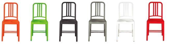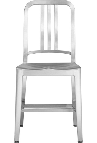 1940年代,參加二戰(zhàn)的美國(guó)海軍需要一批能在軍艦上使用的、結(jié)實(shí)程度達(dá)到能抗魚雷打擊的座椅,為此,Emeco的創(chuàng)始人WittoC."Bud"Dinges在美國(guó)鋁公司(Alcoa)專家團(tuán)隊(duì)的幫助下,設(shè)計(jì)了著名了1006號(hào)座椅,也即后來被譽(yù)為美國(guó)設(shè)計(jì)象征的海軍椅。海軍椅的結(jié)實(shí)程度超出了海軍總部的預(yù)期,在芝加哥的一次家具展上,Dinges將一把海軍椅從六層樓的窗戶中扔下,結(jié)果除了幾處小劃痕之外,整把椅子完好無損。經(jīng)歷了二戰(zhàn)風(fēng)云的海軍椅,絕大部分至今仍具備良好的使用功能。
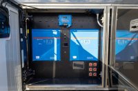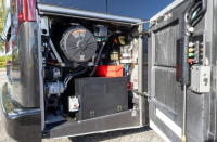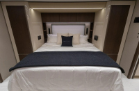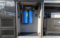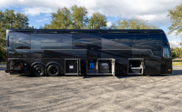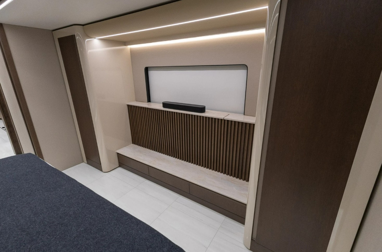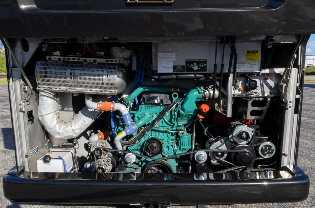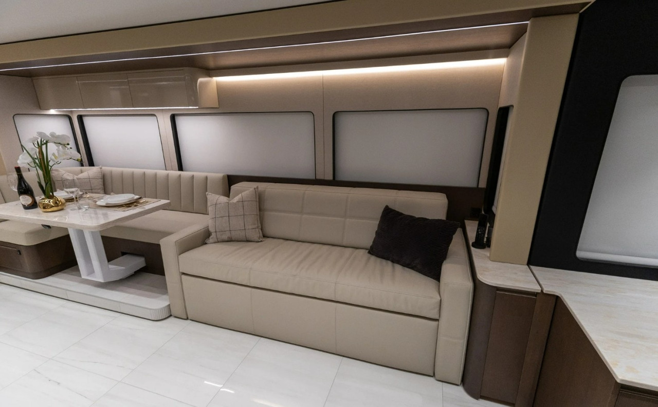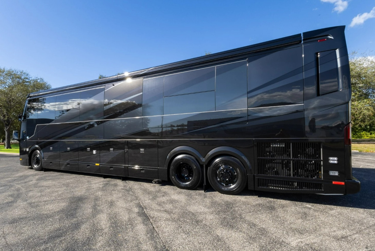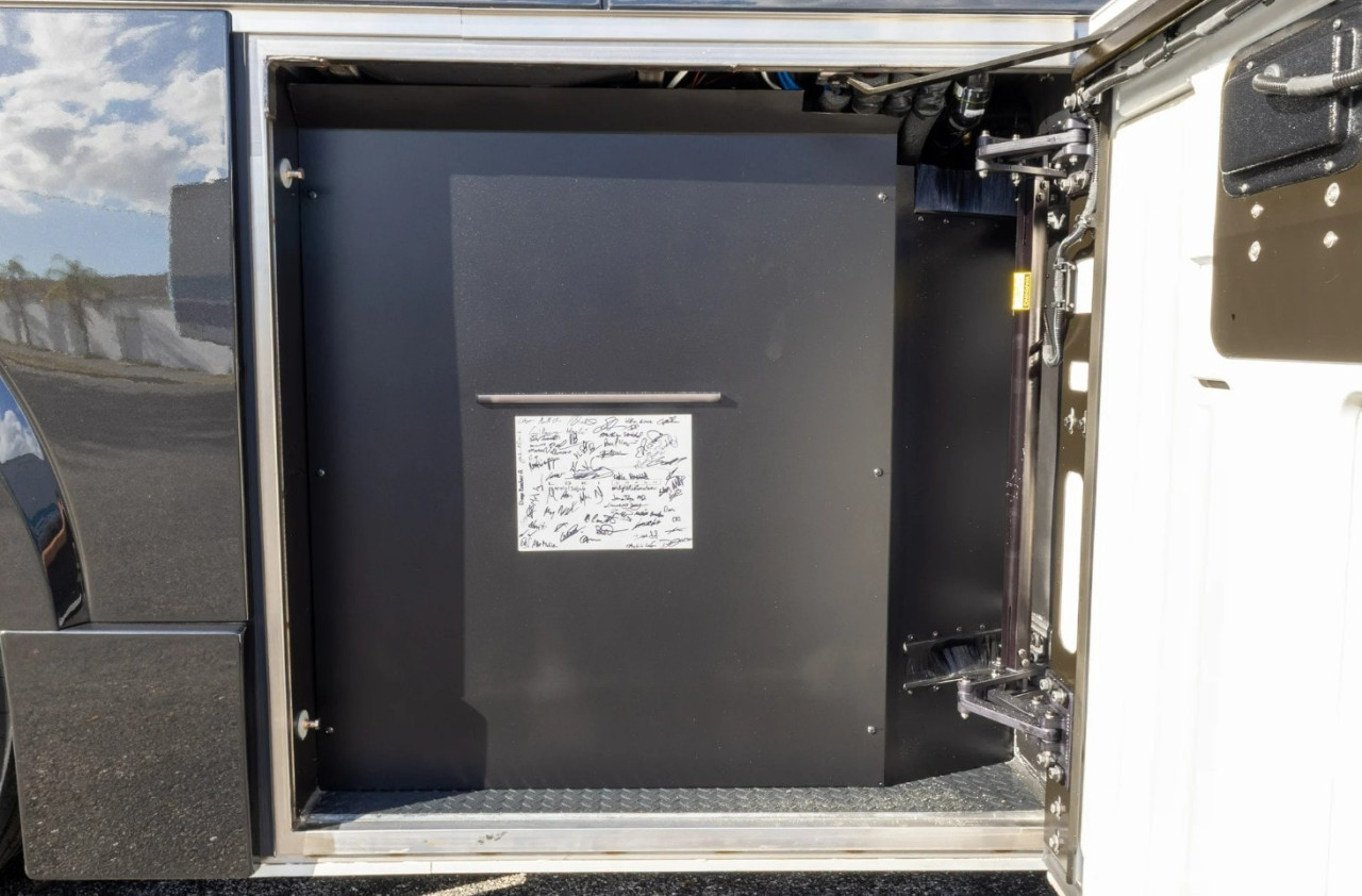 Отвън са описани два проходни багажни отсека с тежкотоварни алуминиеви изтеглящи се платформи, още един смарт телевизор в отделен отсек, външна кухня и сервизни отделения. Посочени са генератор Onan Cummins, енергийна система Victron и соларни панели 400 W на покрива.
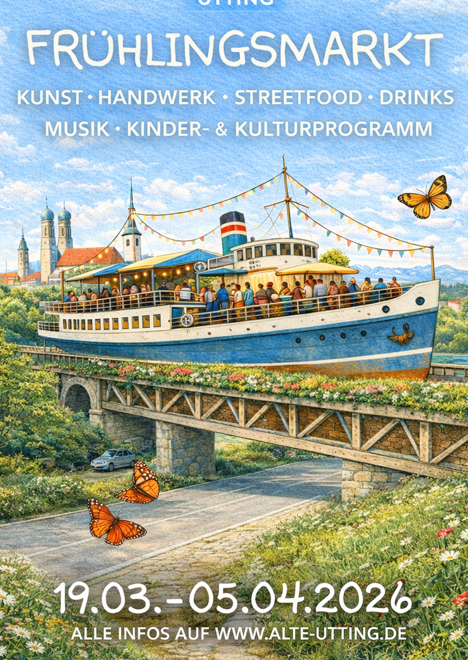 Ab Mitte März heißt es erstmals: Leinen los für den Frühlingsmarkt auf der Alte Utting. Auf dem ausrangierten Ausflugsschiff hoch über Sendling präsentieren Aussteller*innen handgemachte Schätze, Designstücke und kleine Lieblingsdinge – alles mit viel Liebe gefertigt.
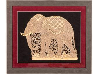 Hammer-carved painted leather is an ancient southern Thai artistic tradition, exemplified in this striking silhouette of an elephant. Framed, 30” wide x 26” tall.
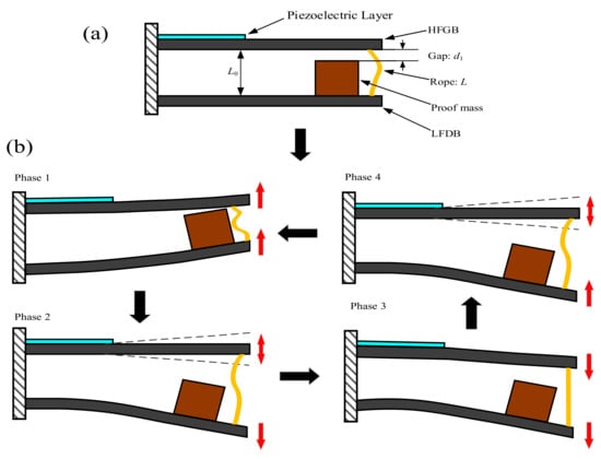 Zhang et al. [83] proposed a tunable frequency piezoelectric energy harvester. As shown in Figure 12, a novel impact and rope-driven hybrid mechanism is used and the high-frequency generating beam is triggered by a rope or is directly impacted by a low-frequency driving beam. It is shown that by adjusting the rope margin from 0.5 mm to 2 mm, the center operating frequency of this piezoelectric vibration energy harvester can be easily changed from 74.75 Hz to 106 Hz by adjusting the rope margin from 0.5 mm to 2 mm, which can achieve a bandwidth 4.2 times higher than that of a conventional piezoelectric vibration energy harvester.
--------------------
Restate the material above word for word, dropping the pictures.

 1940年代,參加二戰(zhàn)的美國(guó)海軍需要一批能在軍艦上使用的、結(jié)實(shí)程度達(dá)到能抗魚雷打擊的座椅,為此,Emeco的創(chuàng)始人WittoC."Bud"Dinges在美國(guó)鋁公司(Alcoa)專家團(tuán)隊(duì)的幫助下,設(shè)計(jì)了著名了1006號(hào)座椅,也即后來被譽(yù)為美國(guó)設(shè)計(jì)象征的海軍椅。海軍椅的結(jié)實(shí)程度超出了海軍總部的預(yù)期,在芝加哥的一次家具展上,Dinges將一把海軍椅從六層樓的窗戶中扔下,結(jié)果除了幾處小劃痕之外,整把椅子完好無損。經(jīng)歷了二戰(zhàn)風(fēng)云的海軍椅,絕大部分至今仍具備良好的使用功能。
 Отвън са описани два проходни багажни отсека с тежкотоварни алуминиеви изтеглящи се платформи, още един смарт телевизор в отделен отсек, външна кухня и сервизни отделения. Посочени са генератор Onan Cummins, енергийна система Victron и соларни панели 400 W на покрива.
 Ab Mitte März heißt es erstmals: Leinen los für den Frühlingsmarkt auf der Alte Utting. Auf dem ausrangierten Ausflugsschiff hoch über Sendling präsentieren Aussteller*innen handgemachte Schätze, Designstücke und kleine Lieblingsdinge – alles mit viel Liebe gefertigt.
 Hammer-carved painted leather is an ancient southern Thai artistic tradition, exemplified in this striking silhouette of an elephant. Framed, 30” wide x 26” tall.
 Zhang et al. [83] proposed a tunable frequency piezoelectric energy harvester. As shown in Figure 12, a novel impact and rope-driven hybrid mechanism is used and the high-frequency generating beam is triggered by a rope or is directly impacted by a low-frequency driving beam. It is shown that by adjusting the rope margin from 0.5 mm to 2 mm, the center operating frequency of this piezoelectric vibration energy harvester can be easily changed from 74.75 Hz to 106 Hz by adjusting the rope margin from 0.5 mm to 2 mm, which can achieve a bandwidth 4.2 times higher than that of a conventional piezoelectric vibration energy harvester.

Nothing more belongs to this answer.